:: INFORMATION ::

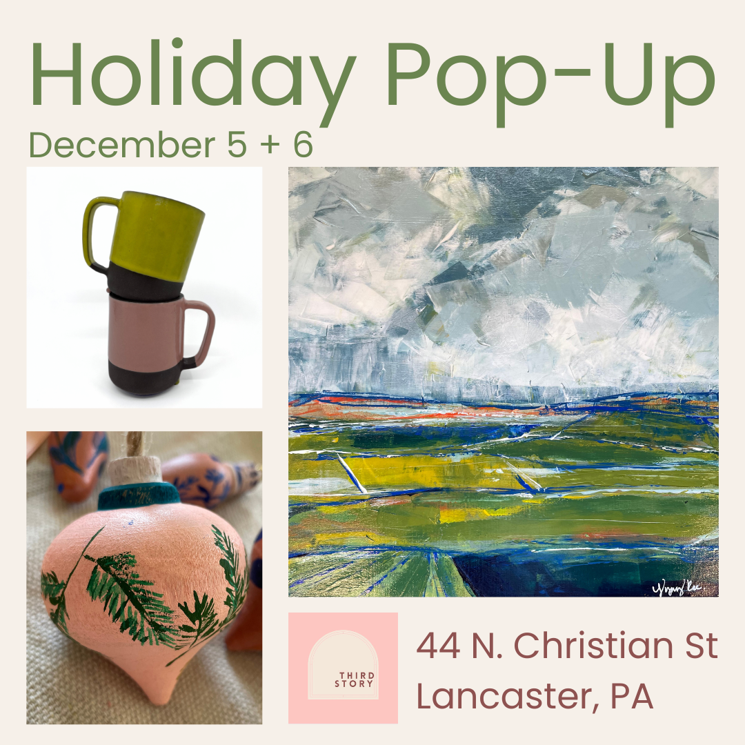 Leah Fox and Stephanie Gibson are two artists who met years ago through a love of jewelry making. Both began painting with intention in 2020. Their first joint foray was in 2021, when they mounted a tiny pop-up art fair in Stephanie’s yard. In July of 2023, they began dreaming of creating an inspiring space where artists could come together and build a community of support.
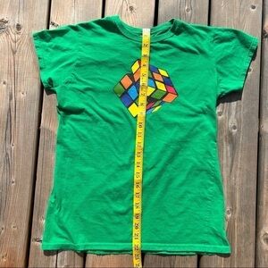 This Rubik's Cube shirt for women in size large features a Kelly Green graphic on a classic short sleeve tee. Made from 100% cotton jersey fabric, this pullover shirt is perfect for casual occasions, travel, or parties. The shirt is machine washable and designed with a crew neck and regular fit for comfortable wear. Whether you're into retro 80s style or just love solving puzzles, this Geek-themed shirt is a fun and stylish addition to your wardrobe.
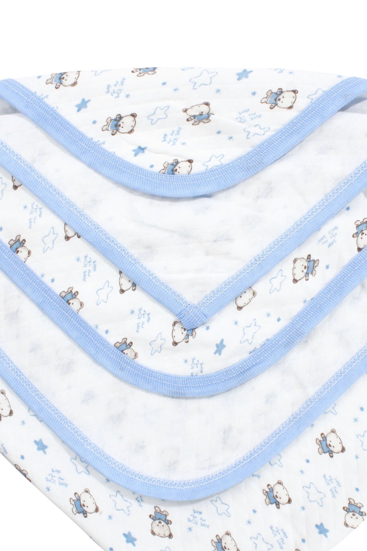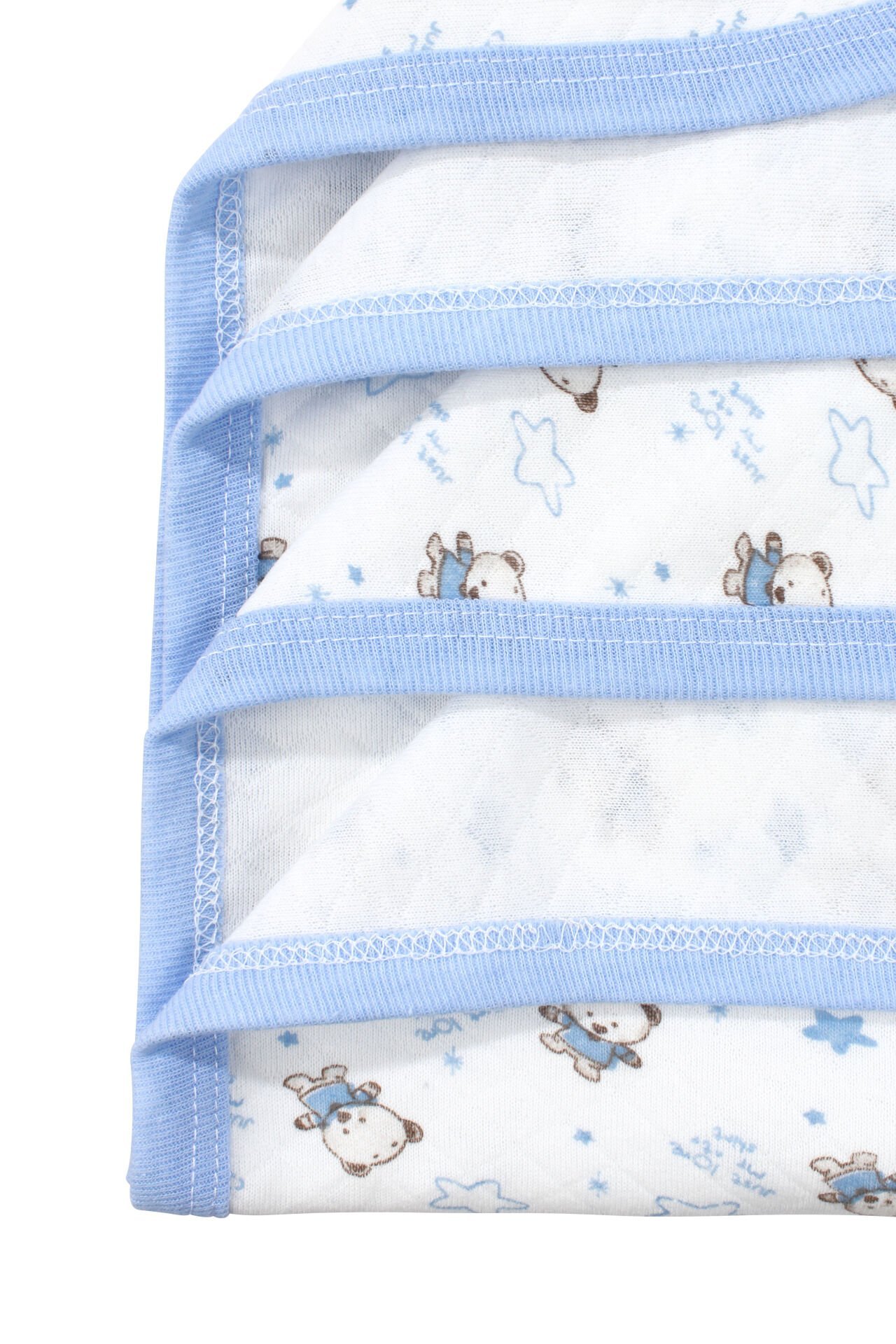 Ayıcık Desenli Penye Tek Kat Krem Açık Mavi Bebek Battaniye (80x80 cm)
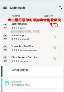 2、选择语言后,将正式进入视频制作过程,进入声音页面,选择软件自带的声音模板,点击音频左侧的播放键还可以试听。虽然声音是自带的但资源还是很丰富(这一点不同于以往社交app,操作更简单纯粹)音频资料中大多都是电影的常用语句对白或者歌词,成品可作为个人定制的视频表情反复在聊天中使用。收藏夹功能:点击星号图标即可将你喜欢的声音收藏,下载使用更加方便。
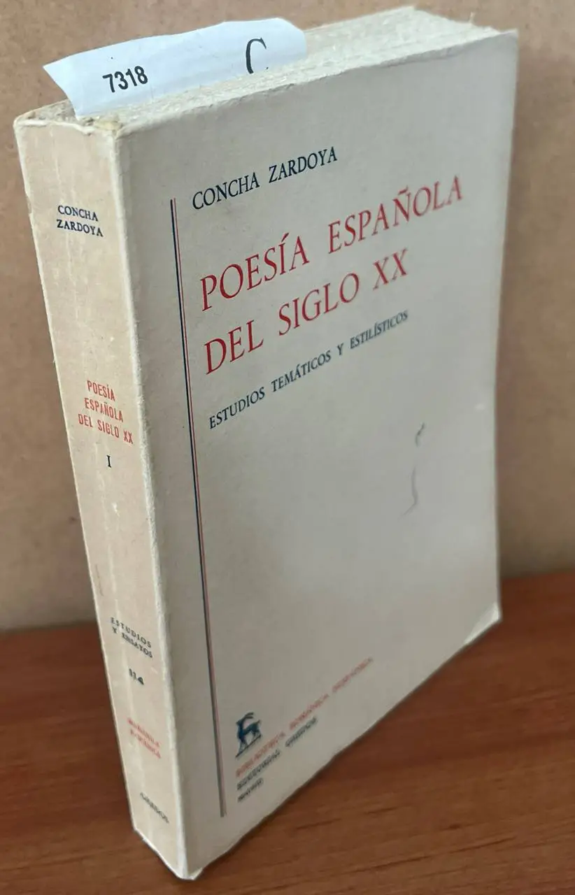 ZARDOYA, Concha Poesía española del siglo XX. Estudios tematicos y estilisticos. Gredos. Madrid 1974 330 p. (20 cm) Rustica. -5KG Biblioteca románica hispanica Tomo I. C (Ref.7318) historia literatura biografia 98 contemporanea OFERTA20
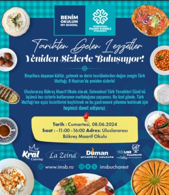 8 Haziran’da gerçekleşecek olan Geleneksel Türk Yemekleri Günü’nde, Türk mutfağının zenginliklerini keşfetmek isteyen tüm lezzet tutkunları ve kültür meraklıları Uluslararası Bükreş Maarif Okulu’nda buluşacak.
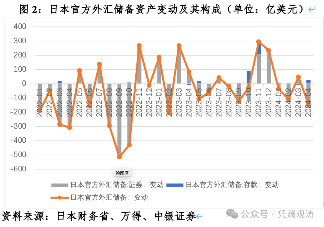 以2022年为例,当年9、10月份日本外汇储备分别减少515亿和430亿美元,合计减少945亿美元,远大于同期实际干预规模。二者缺口主要反映了当时美联储紧缩预期下,全球金融动荡引发的负估值效应。进一步分析当时日本外汇储备变动的结构:9月份,证券资产减少515亿美元,外汇存款未变;10月份,证券资产减少439亿美元,外汇存款增加9亿美元。可见,日本央行是直接出售证券资产获得干预所需的外汇资金,而不是动用外汇存款。
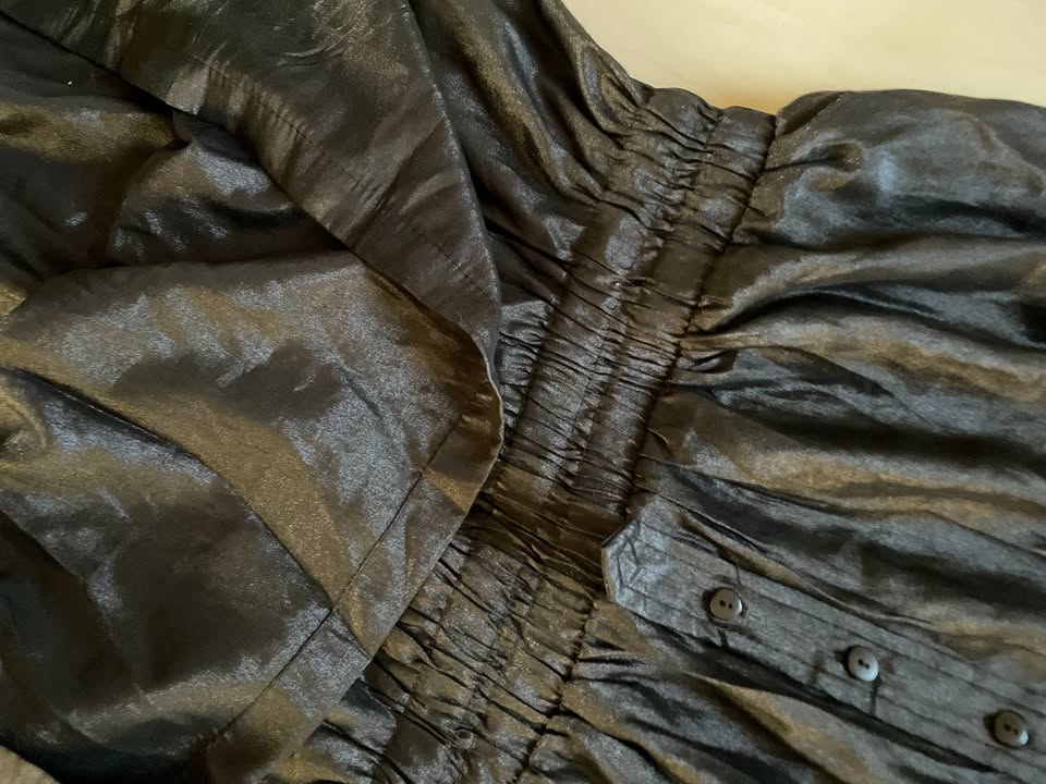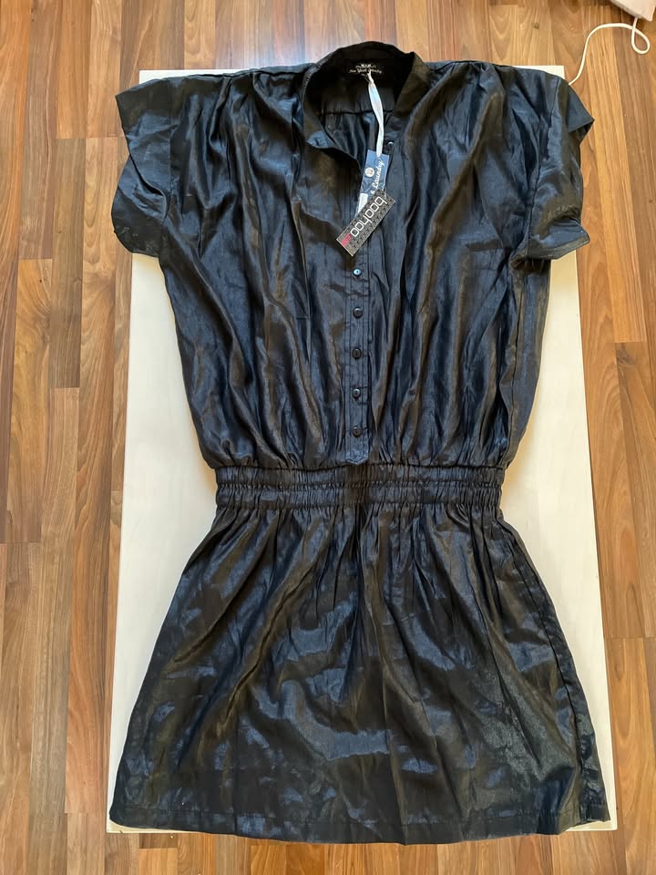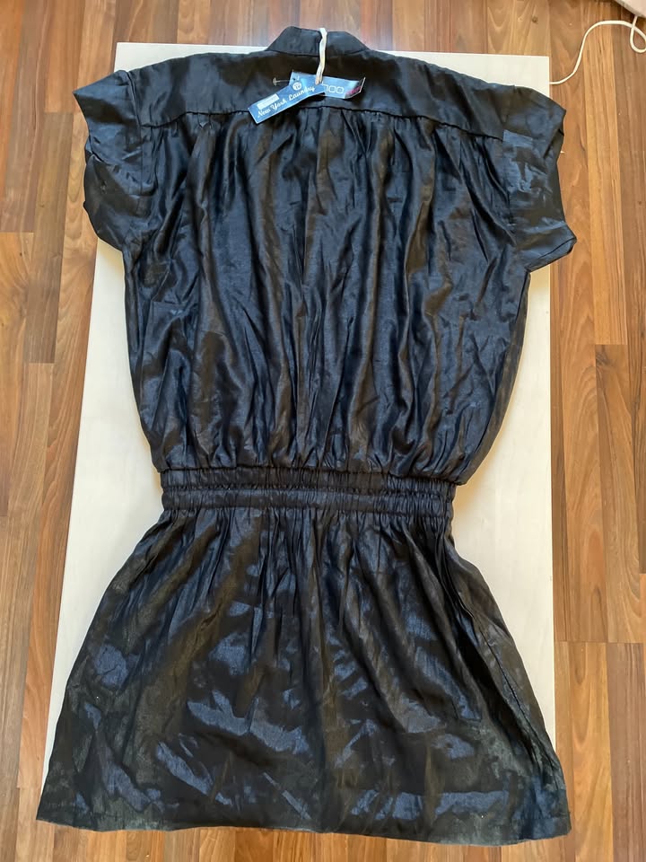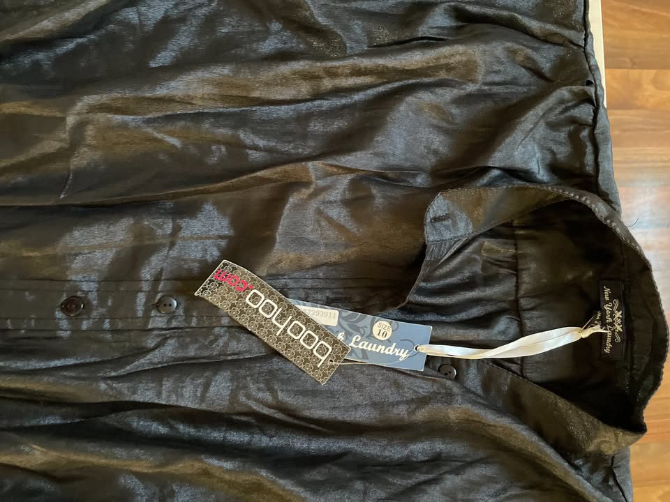 2049. nabízím k prodeji tyt černé volné šaty nebo dlouhá košile, vel 10/ tedy M ale je volně tedy i více, New York Laundry/Boohoo. Materiál lesklý, jako tenký saténový, 55% polyester, 45% bavlna. Top volný, řasený, do pasu podkasán do žabičkování. V sukni kapsy. Nové s visačkou, bez vad, krásné
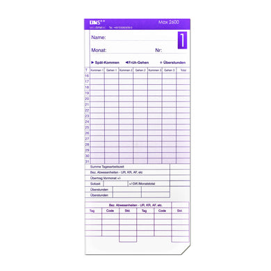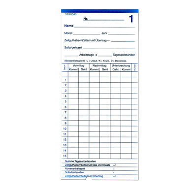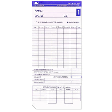 Stempelkarte STK0002/ Arbeitszeitkarte Typ 2043![]()  - Verkäufer
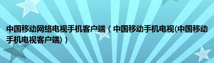 大家好,小常来为大家解答以上问题。中国移动网络电视手机客户端,中国移动手机电视(中国移动手机电视客户端)很多人还不知道,现在让我们一起来看看吧!
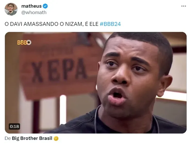 “Seu equilíbrio emocional é zero, Davi. Fala direito, mano! Olha como você tá falando… Olha isso, o show que você tá dando”, rebateu o brother. “Falo alto como eu quiser”, continuou Davi.

:::

__WHAT NEEDS TO BE DONE__.
Nothing but the lines from the line with "2、选择语言后,将正式进入视" through the last line of the listing above should be repeated, and pictures should be left out.

__SOLUTION TO THIS TASK__.
 2、选择语言后,将正式进入视频制作过程,进入声音页面,选择软件自带的声音模板,点击音频左侧的播放键还可以试听。虽然声音是自带的但资源还是很丰富(这一点不同于以往社交app,操作更简单纯粹)音频资料中大多都是电影的常用语句对白或者歌词,成品可作为个人定制的视频表情反复在聊天中使用。收藏夹功能:点击星号图标即可将你喜欢的声音收藏,下载使用更加方便。
 ZARDOYA, Concha Poesía española del siglo XX. Estudios tematicos y estilisticos. Gredos. Madrid 1974 330 p. (20 cm) Rustica. -5KG Biblioteca románica hispanica Tomo I. C (Ref.7318) historia literatura biografia 98 contemporanea OFERTA20
 8 Haziran’da gerçekleşecek olan Geleneksel Türk Yemekleri Günü’nde, Türk mutfağının zenginliklerini keşfetmek isteyen tüm lezzet tutkunları ve kültür meraklıları Uluslararası Bükreş Maarif Okulu’nda buluşacak.
 以2022年为例,当年9、10月份日本外汇储备分别减少515亿和430亿美元,合计减少945亿美元,远大于同期实际干预规模。二者缺口主要反映了当时美联储紧缩预期下,全球金融动荡引发的负估值效应。进一步分析当时日本外汇储备变动的结构:9月份,证券资产减少515亿美元,外汇存款未变;10月份,证券资产减少439亿美元,外汇存款增加9亿美元。可见,日本央行是直接出售证券资产获得干预所需的外汇资金,而不是动用外汇存款。
 2049. nabízím k prodeji tyt černé volné šaty nebo dlouhá košile, vel 10/ tedy M ale je volně tedy i více, New York Laundry/Boohoo. Materiál lesklý, jako tenký saténový, 55% polyester, 45% bavlna. Top volný, řasený, do pasu podkasán do žabičkování. V sukni kapsy. Nové s visačkou, bez vad, krásné
 Stempelkarte STK0002/ Arbeitszeitkarte Typ 2043![]()  - Verkäufer
 大家好,小常来为大家解答以上问题。中国移动网络电视手机客户端,中国移动手机电视(中国移动手机电视客户端)很多人还不知道,现在让我们一起来看看吧!
 “Seu equilíbrio emocional é zero, Davi. Fala direito, mano! Olha como você tá falando… Olha isso, o show que você tá dando”, rebateu o brother. “Falo alto como eu quiser”, continuou Davi.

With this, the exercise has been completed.